FROM OUR RECTOR

October 2007

The Rev. Richard G. Elliott

rge3@ec.rr.com

From the Rector: 

As I write this the House of Bishops is meeting in New Orleans.  It is a regular biennial meeting, but one that is particularly charged because of the controversies echoing in the life of the church today.  As I  have surveyed the news coming out on this meeting, I have found very little that is helpful.  It’s important to remember that most of the folks doing the reporting are either not familiar with the workings of the church, or they are partisans of one side or the other.  It is also good to remember that the news media exist, not to inform us, but to capture our attention so that we can see the ads.

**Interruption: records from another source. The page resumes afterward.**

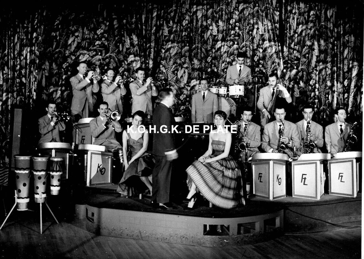 Foto : 13 x 18 cm. - Hier in de nightclub "La Champagne". Bezetting : saxofoonsectie : Henry Vandam, Pierre Bourbousse, Piet Servais en André Gyssens ; trompetsectie : Roy Deckers, Lucien Merchier en Bille Tenroch ; trombonesectie : Paul Bernard en Marcel Catterman ; piano : Franz André ; contrabas : Roger Vanhaverbeke ; drums : Rudy Frankel ; zangeressen : Babe Broke en Linda Kerby ; orkestleider : Franz Lebrun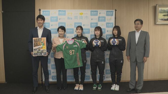 26日に周南市の藤井律子市長を訪ねたのは、女子ハンドボールチーム・山口銀行YMGUTSの岡田あずさキャプテンら5人です。今月29日にゼオンアリーナ周南で、愛媛県のチームを迎えての強化試合を控える中、このホームゲームをはずみにして「日本一を目指す」と意気込みを語りました。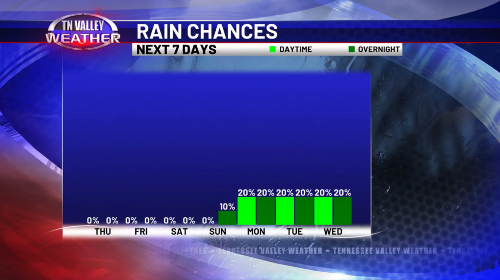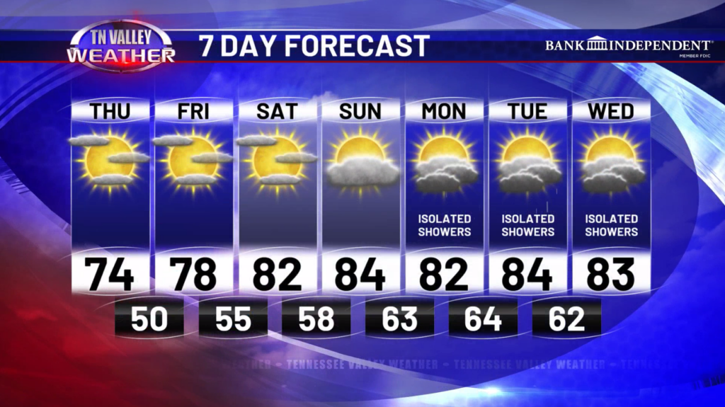 Saturday and Sunday will continue to be dry and warm with highs in the low to mid 80s. Some cloud cover will work its way into the area but there will still be a good amount of sunshine. Going into next week, we do see an increase in moisture across the area which could lead to some isolated showers. Right now, the better rain chances will remain to our west until we get into the Wednesday and Thursday time frame when we could see more scattered activity.

Beyond this the upsets in the life of the larger church have become more convoluted, and less Christian, as time has gone on.  This is no longer a dispute about differing views of human sexuality and the gospel.  It has become a donnybrook about power and control, and it has already lead to
de facto schism with people inside and outside of the American church setting up their own fiefdoms. 

While this may generate a bit of uneasiness, let me share a couple of ideas.  First, to paraphrase Tip O’Neill, “All churches are
local.”  While we are part of a national church, which is part of a larger international body of churches, the church lives its life on the local level.  Our call is to be faithful where we are.  As one of the leading lights of the Oxford movement, John Keble, said, “If the Church of England were to fail altogether yet it would be found in my parish.”

Second, it is important to remember that hierarchies often have an inflated sense of their own importance.  Any one bishop or group of bishops is only a transitory expression of the episcopate.  While they hold the office of bishop in the church they are not the church.  To listen to some folks speak today, you would think their motto was
l’Eglise cest moi.  The church has always been and always will be greater than its institutional expression.

We will certainly hear much out of this meeting.  It will not be the last and there will be other meetings and other headlines in the paper, but this Sunday (and every Sunday) you will hear the gospel preached, classes will be taught, and old friends and strangers will be welcomed with what we hope is Christ’s hospitality.